We play a few games of billiards with Ross and Nick from Australia, two young guys looking pretty worn. Turns out they’ve been trekking Nepal for almost two months, including Everest base camp, and it’s their last week in the country. Aside from the Nepali rock band playing classics like Ozzy, Pink Floyd, and Lynyrd Skynyrd, the only slightly amusing bit is trying to figure out if Charlie and I are both called westerners, are Ross and Nick called southerners because they are from Australia? “We’re from the east, mate, but I suppose you can’t get any farther south!” Ross replies. The pair are quite hungry and want to get out of this place. We ask if they want to meet us at Busy Bee and they agree, but leave ahead of us as Charlie is pulled aside in conversation with a local. I find out later he needed rescuing from the guy, though I mistakingly saw it as a mutual discussion. I guess what should have given me a hint was how the guy kept hugging Charlie and walked away with him, his arm tightly wrapping his.
On the way to Busy Bee, Charlie was expectedly chatty. He asked nearly every by-passer along the way “Busy Bee?” On arrival, we see that Busy Bee was quite busy…at nearly 10:00pm. Filled with mostly young foreigners, we step up to the round bar, the bartenders working in a pit-like area, and order up two beers then look around for a place to hang out and maybe find Ross and Nick. They are nowhere to be found but we find more pool tables and hop in. Between the two of us, we become immediate friends with everyone in the room. A knucklehead from Chicago; a couple of danish girls; a guy from Dublin with a huge beard and wicked thick accent; a few people from Germany and Scotland. And Charlie’s favorite: a very pretty and sweet blond-haired girl from Honolulu who I introduced him to.
Charlie and Rachel chatted things up while I took his turns at the table, getting whooped by the locals.
Lights Out, Already!
The Nepali I played several rounds of pool with unexpectedly put down the pool cues and turned off the lights and the end of our game.
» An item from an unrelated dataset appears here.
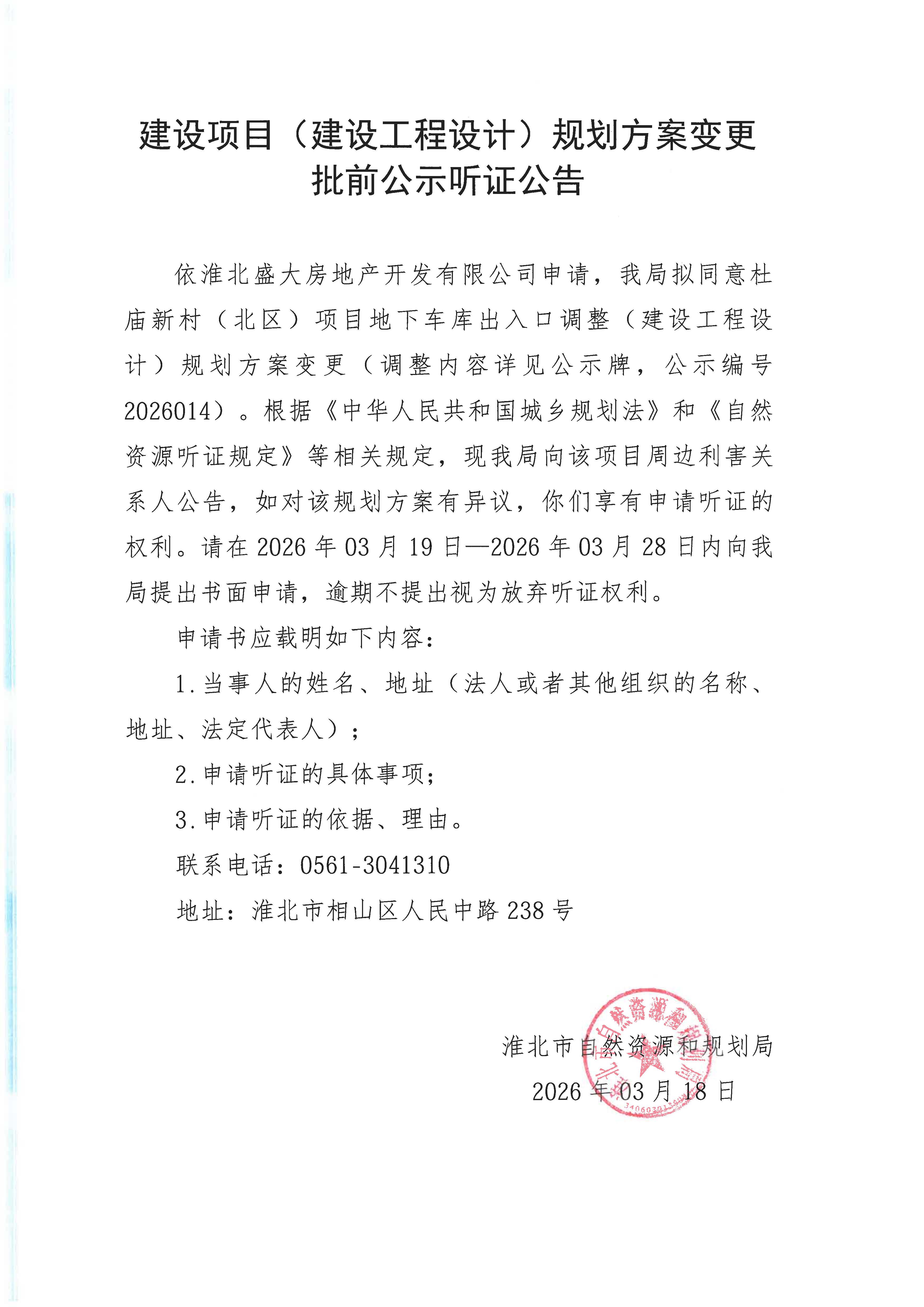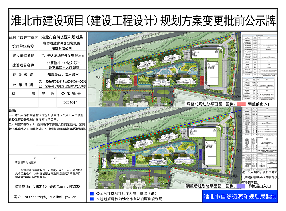 杜庙新村(北区)项目地下车库出入口调整建设项目(建设工程设计)规划方案变更批前公示

Then he encouraged Charlie and I — as well as others — that it was time to go. Very hard to convince Charlie to leave — he was in love! The three of us (Rachel included) did a quick film on his go pro and we said goodbye…a long goodbye. Once outside, he immediately started ranting about the big dope she was with. I asked if he got her info and he basically said it didn’t really matter much to him — he was recently broken-hearted and noticably bouncing back strong.
We walk quickly down the quiet streets of Pokhara, once bustling and brimming with energy but now a ghost town at 11:30pm. I find myself longing to feed a stray dog, which properly amuses Charlie seeing that I haven’t got anything to offer the mangy pup (though I’m sure he could leave me with a hell of a disease).
We arrive to our hotel, say a fond farewell, and I crash hard.